Indie-pop artist Emmrose shares a new single “Ballad for the Boy Next Door” today. A dreamy track begins with soft tones, slowly building into an emotive yet confident melody, reflecting on the challenge to reveal feelings for a crush. A romantic at heart, her lyrics and melodies continue to connect on love, loss, and happiness. The single premiered on Clout, who described the release as an “exquisite rendition on heartache.”
“‘Ballad for the Boy Next Door’ was inspired by the fear of rejection, and how it takes a lot of courage to tell someone you like about how you feel,” shared Emmrose. “I went back to a time in my life when I always wanted a clear sign before I would tell a crush I liked them, I would honestly want some crazy magical thing to happen so I knew I wasn’t making a major mistake. The optimist in me said go for it, and the pessimist said that the other person would never feel the same way. The song ends realizing that you should just go for it, and if it doesn’t work out, cry and move on. I think it’s really important to be honest with the people you like.”

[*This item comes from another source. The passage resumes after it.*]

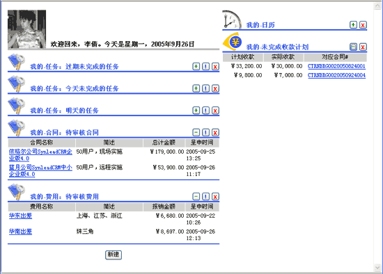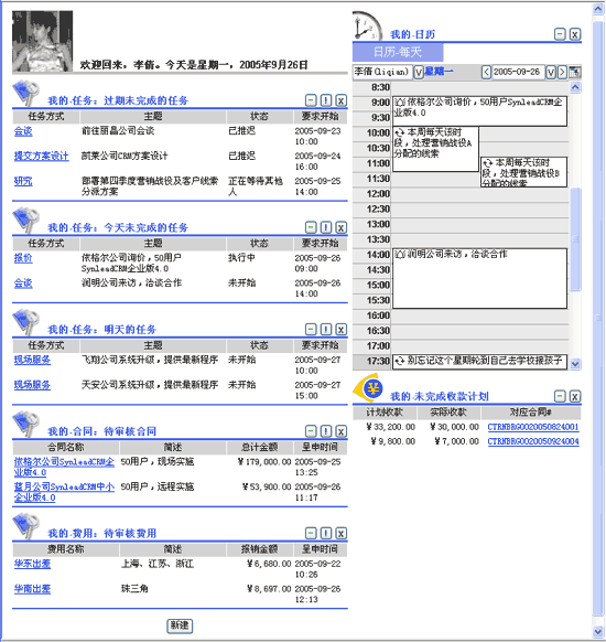 右側(cè)區(qū)域?yàn)橄到y(tǒng)限定的加載分組,例如“我的-日歷”、“我的-未完成收款計(jì)劃”。對(duì)于“我的-日歷”,您可以所見即所得地管理日程安排,十分方便地對(duì)日程事件拖拖拽拽。

Seven months after the release of her debut EP Hopeless Romantics, Emmrose continues to showcase her vibrant talent. Much of her music comes as a reflective narrative, embracing the universal pursuit of love, acceptance, and happiness. She released “The Grass Was Greener” over the summer, a richly nostalgic love story of days past, with moving delivery. Her debut music video for the single was released last month on Youtube. “Ballad for the Boy Next Door” comes as an appropriate foil, continuing to surprise yet delight listeners as she continues to build her sound.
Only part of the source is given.